THE PROBLEM: Both ends included, restate word for word the lines from the first line of the listing through the line containing "Mid Tower, БП". Leave the pictures out.

━━━━━ EXERCISE DATA

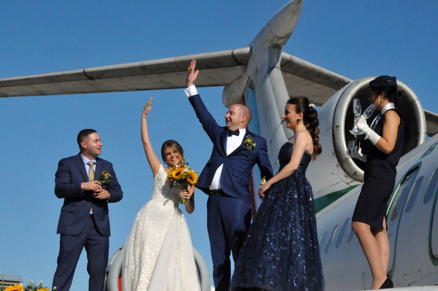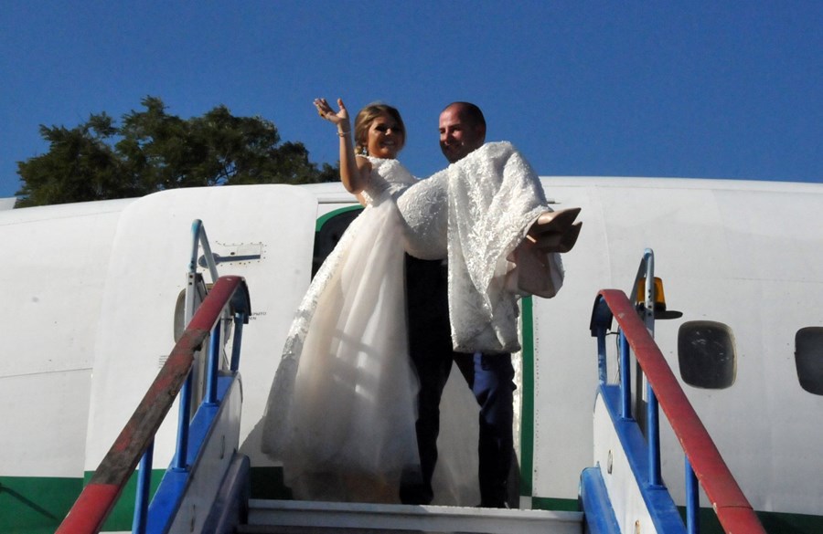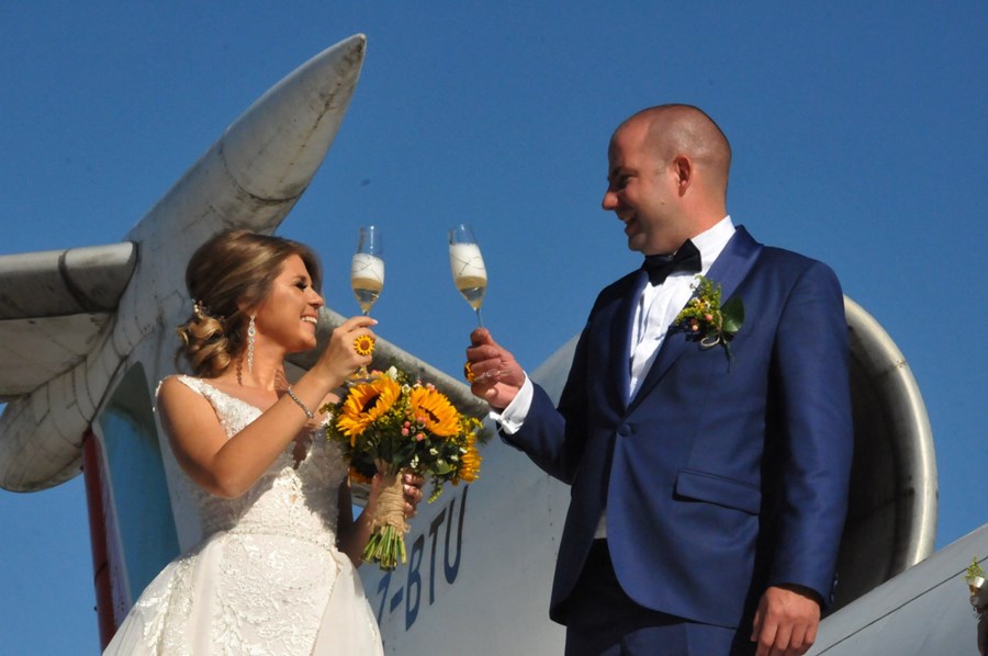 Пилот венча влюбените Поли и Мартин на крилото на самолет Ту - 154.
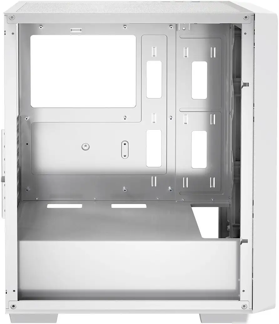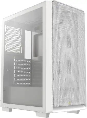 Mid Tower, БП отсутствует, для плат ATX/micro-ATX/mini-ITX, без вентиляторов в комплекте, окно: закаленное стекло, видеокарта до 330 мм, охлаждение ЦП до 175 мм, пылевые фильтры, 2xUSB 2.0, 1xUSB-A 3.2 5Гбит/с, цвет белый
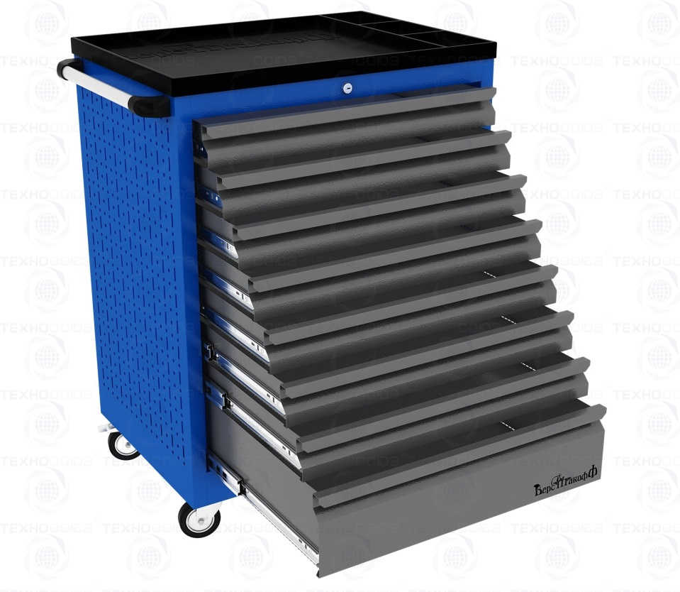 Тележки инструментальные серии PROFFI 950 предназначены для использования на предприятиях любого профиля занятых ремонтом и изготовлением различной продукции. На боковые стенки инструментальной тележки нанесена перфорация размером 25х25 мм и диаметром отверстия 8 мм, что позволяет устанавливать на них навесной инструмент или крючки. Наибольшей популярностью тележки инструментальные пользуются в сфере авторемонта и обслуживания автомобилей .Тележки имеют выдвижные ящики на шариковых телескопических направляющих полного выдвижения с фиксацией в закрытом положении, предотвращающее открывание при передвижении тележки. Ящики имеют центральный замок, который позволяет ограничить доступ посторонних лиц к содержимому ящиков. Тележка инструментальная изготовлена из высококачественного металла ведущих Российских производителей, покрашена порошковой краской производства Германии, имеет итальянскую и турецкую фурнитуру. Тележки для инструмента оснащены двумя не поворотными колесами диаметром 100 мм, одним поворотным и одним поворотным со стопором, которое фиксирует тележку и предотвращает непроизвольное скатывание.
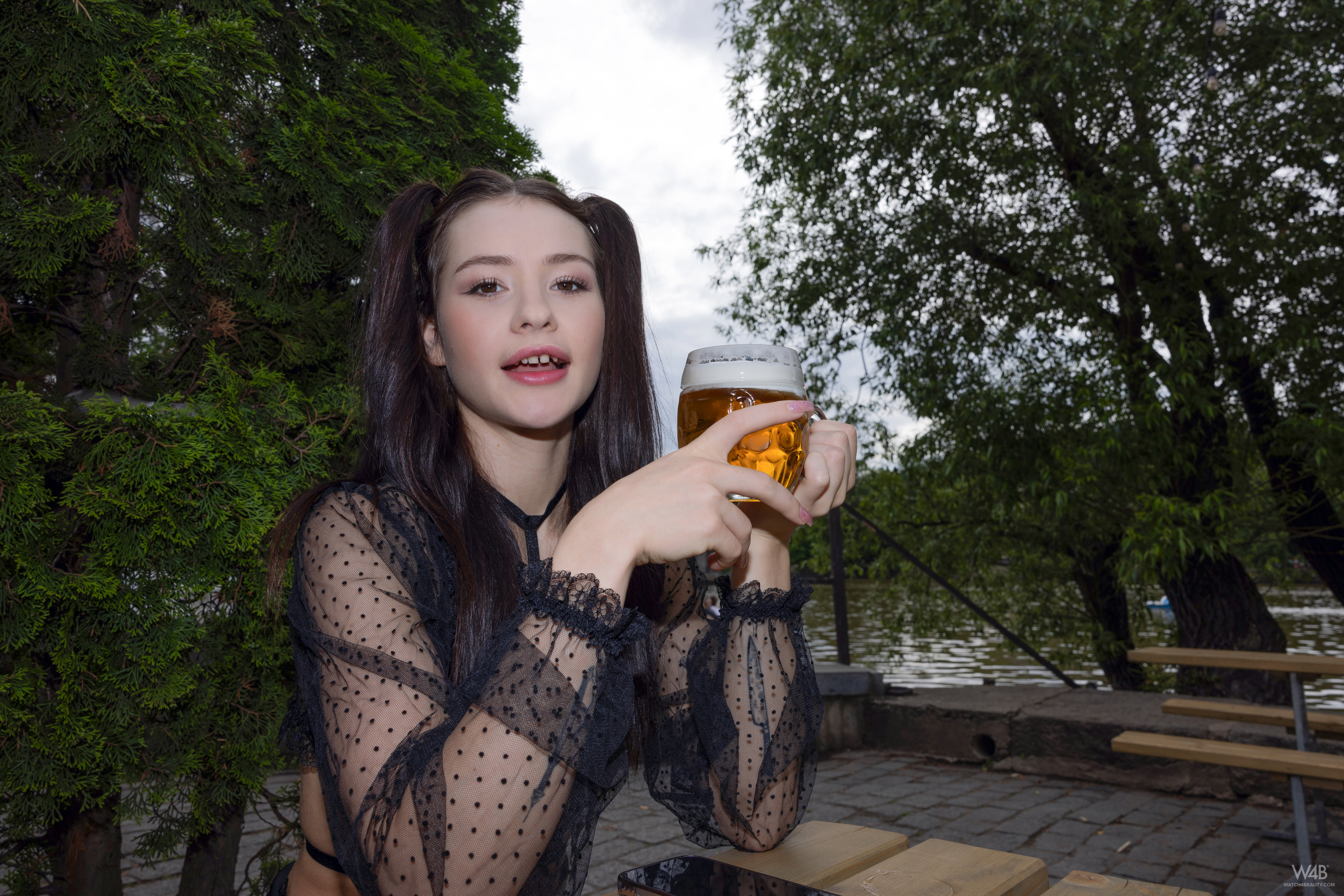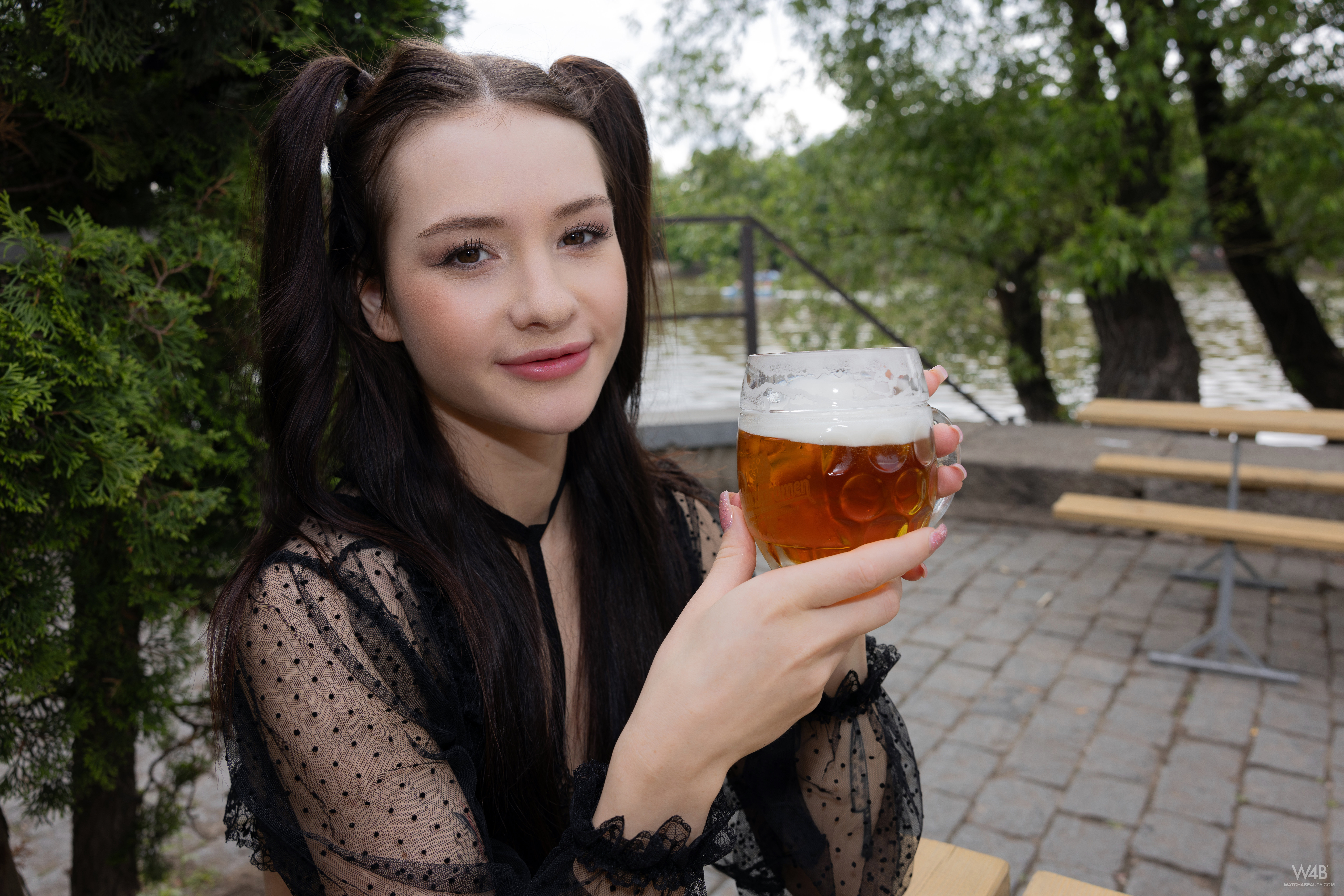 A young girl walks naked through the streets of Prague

━━━━━━━━━━

EXERCISE RESPONSE:
 Пилот венча влюбените Поли и Мартин на крилото на самолет Ту - 154.
 Mid Tower, БП отсутствует, для плат ATX/micro-ATX/mini-ITX, без вентиляторов в комплекте, окно: закаленное стекло, видеокарта до 330 мм, охлаждение ЦП до 175 мм, пылевые фильтры, 2xUSB 2.0, 1xUSB-A 3.2 5Гбит/с, цвет белый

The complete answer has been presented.